この記事では、そういった疑問にズバリ答えます。結論から言うと、電子ピアノは佐川急便の「飛脚ラージサイズ宅配便」または「大型家具家電設置輸送サービス」を使えば送れます。ただし、通常の「飛脚宅配便」ではサイズ・重量オーバーのため受け付けてもらえません。そして、送料は3辺合計のサイズと発着地によって変動し、おおむね3,000円〜8,000円程度(関東発の場合)が相場です。さらに、実際のユーザーレビューを調べると、配送の速さに満足する声がある一方で、「置き配トラブル」や「2個口のうち1つが遅延した」といったリアルな声も少なくありません。この記事では、そうした実例も交えながら、失敗しない配送のコツを徹底解説します。

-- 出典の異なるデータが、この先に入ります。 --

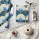 An abstract blue and gold pattern depicting the forest and the night sky in a pattern of Art Deco arches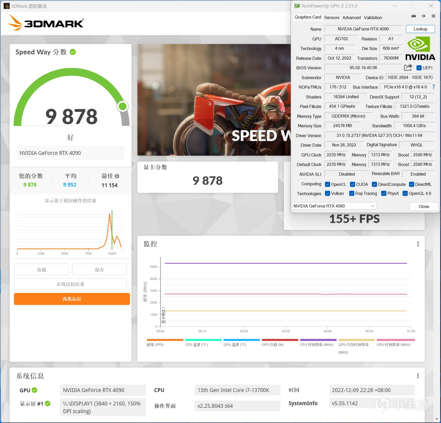 3DMark SPEED WAY光追结合光栅化项目,AX电竞叛客RTX4090 X3W显卡分数为9878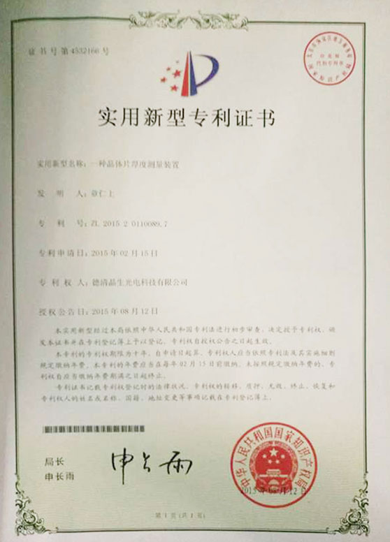 司現配有百級凈化工作臺、千級凈化房和萬級凈化車間,擁有定向儀、倒角機、滾圓機、線切割、4B、6B、9B、15B進口雙面磨、雙面拋光設備以及各種檢測設備。公司科研力量雄厚, 與國內各大兄弟單位建立了深厚的合作關系,而且各級管理人員和一線操作工人都經有關專家和教授指導和培訓。公司嚴格貫徹質量第一的方針,以公司產品質量為中心,為我們的客戶提供高品質的產品。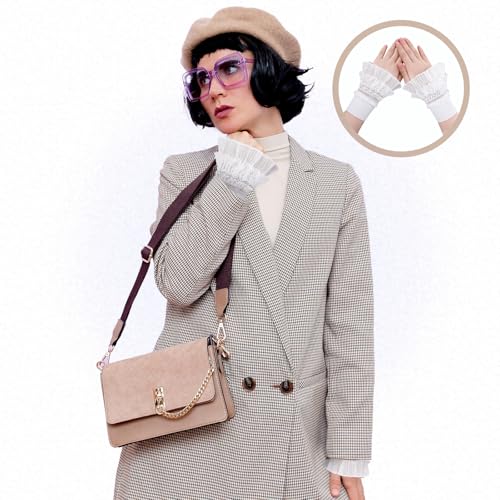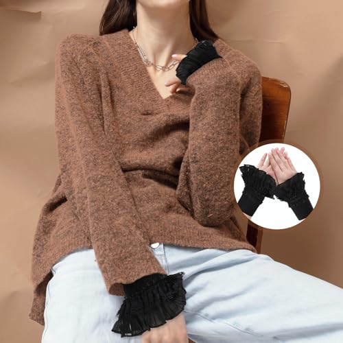 Fabric type: LaceClosure type: Elastic【Package Included】You will receive 2 pairs of ruffle wrist cuffs, one pair each in black and white, and the size of each cuff is 22X14cm/8.7X5.5 inches. The quantity can meet your daily use and replacement.【Lace Design】Ruffle cuffs are made of exquisite lace material, with delicate lace pattern and soft texture, adding elegance and romance to your clothing. The lace material has good breathability and comfort, allowing you to feel pleasant and at ease during wearing.【Removable Design】The lace wrist cuff adopts a detachable design, which is convenient for you to replace or wash at any time as needed. The two options of black and white allow you to easily match the best shape according to different clothing styles and occasion requirements.【Easy to Install】The lace cuffs are simple in design and easy to install and use. Just put the fake cuff on your wrist and it can be easily fixed. No tools are required="" during the installation process, saving time and energy.【Widely Used】Wrist cuffs costume is very suitable for matching shirts, dresses, sweaters, and shirts. In addition, it is very suitable for party theme costumes, such as Halloween costumes, pirate costumes, and historical theme costumes. Perfect for everyday use. supreme materials and excellent craftsmanship ensure long-lasting durability.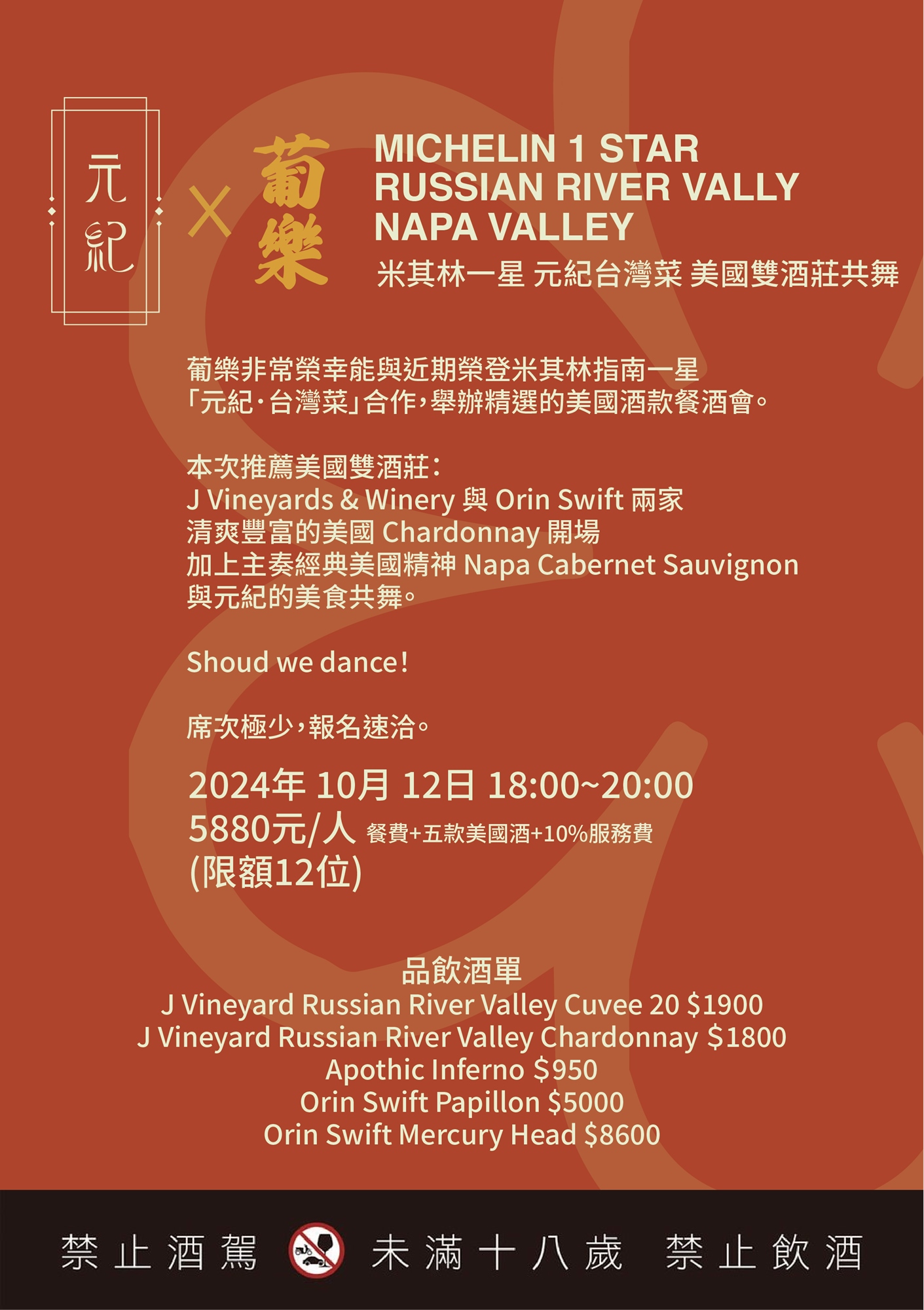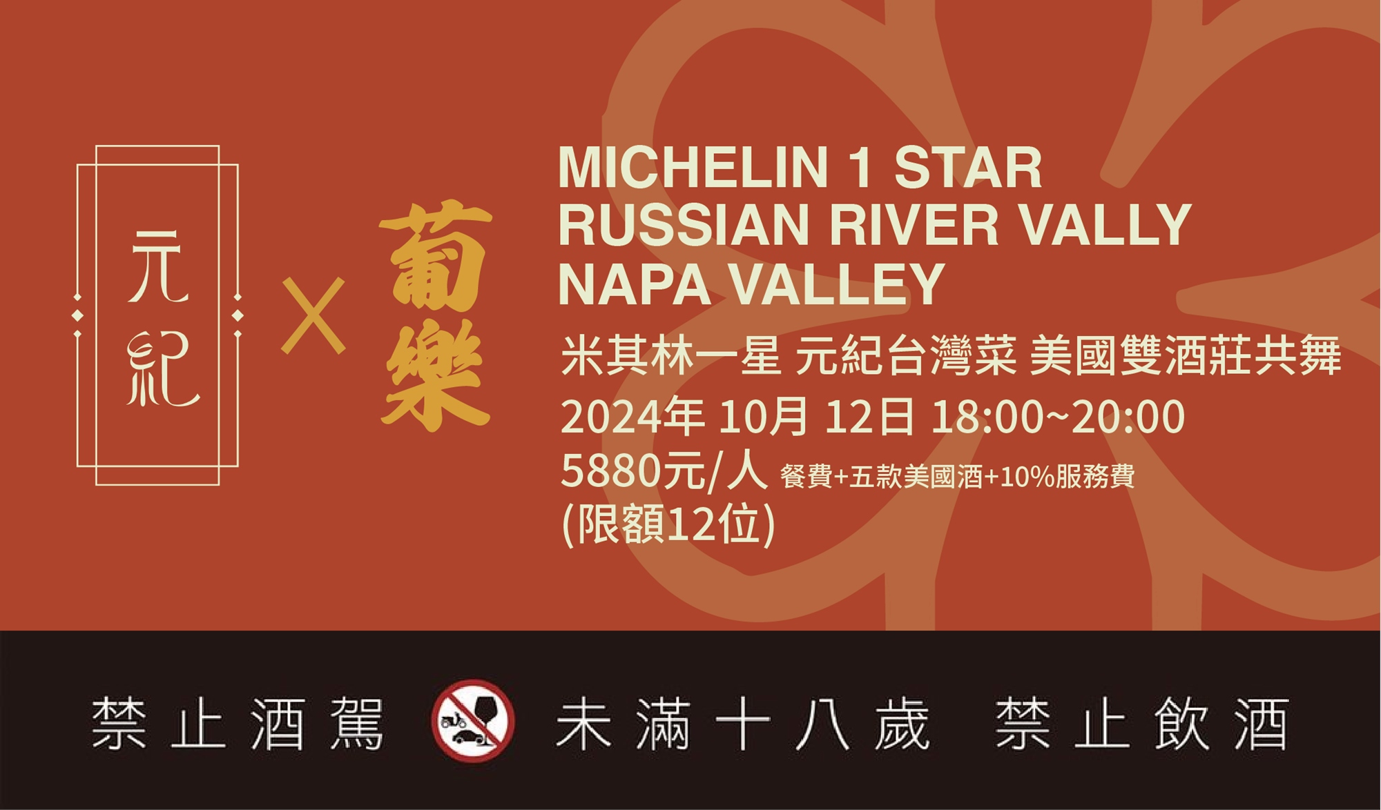 葡樂非常榮幸能與近期榮登米其林指南一星 「元紀.台灣菜」合作,舉辦精選的美國酒款餐酒會。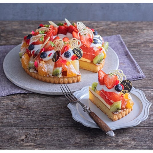 香ばしいアーモンドタルトにカスタードクリームを重ね、5種類のフルーツ、
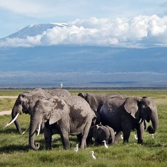 Amboseli is a national park in Kajiado County, Kenya, covering around 390 square kilometers of grassland, wetlands and open plains. Mount Kilimanjaro forms the backdrop to the south, its summit rising above the landscape.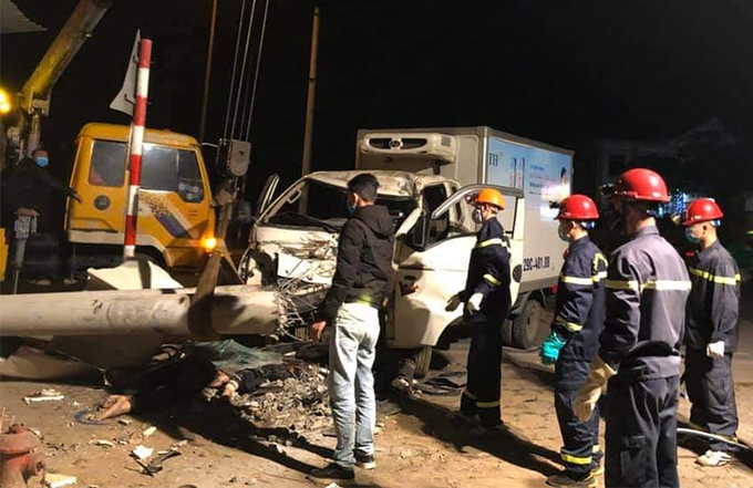 Xe tải sau đó đâm gãy 2 cột điện bêtông nằm cạnh đường. Cột điện đổ đè trúng xe máy của anh Tiến. Tài xế Huy và anh Tiến chết tại chỗ, nạn nhân Anh tử vong khi tới bệnh viện.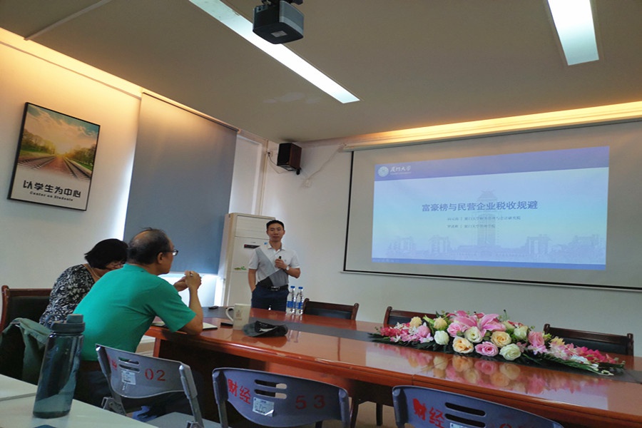 第二场讲座的主讲人是来自厦门大学管理学院的罗进辉教授,他主讲的题目是:《富豪榜与民营企业税收规避》。一看讲座的题目,就很吸引人,这也是李老师参加次场讲座的原因之一。在讲座的过程中,罗教授从研究背景——富豪榜引出了要做的论文题目,并介绍了从公司、投资者、审计师等角度跟富豪榜相关的文献回顾,接着介绍了论文题目的相关假设,进而引出论文的假设:企业家登上富豪榜后,企业的避税程度会降低。为了证明该假设,罗教授跟我们详细分享了样本来源与数据选取、变量定义与模型设定(双重差分模型)、平行趋势检验、PSM—DID多元回归分析结果以及稳健型检验,并用模型对论文做了进一步的分析,包括新闻媒体关注度、地区税收征管程度、政治关联、上榜名次与富豪榜效应。检验结果也验证了之前提出的假设。

電子ピアノの配送で最初にやるべきこと:サービスを正しく選ぶ
佐川急便には電子ピアノに対応できる配送サービスが2つあります。「飛脚ラージサイズ宅配便」と「大型家具家電設置輸送サービス」です。この2つを間違えると、思わぬ出費やトラブルの元になるので、まずはここをしっかり押さえておきましょう。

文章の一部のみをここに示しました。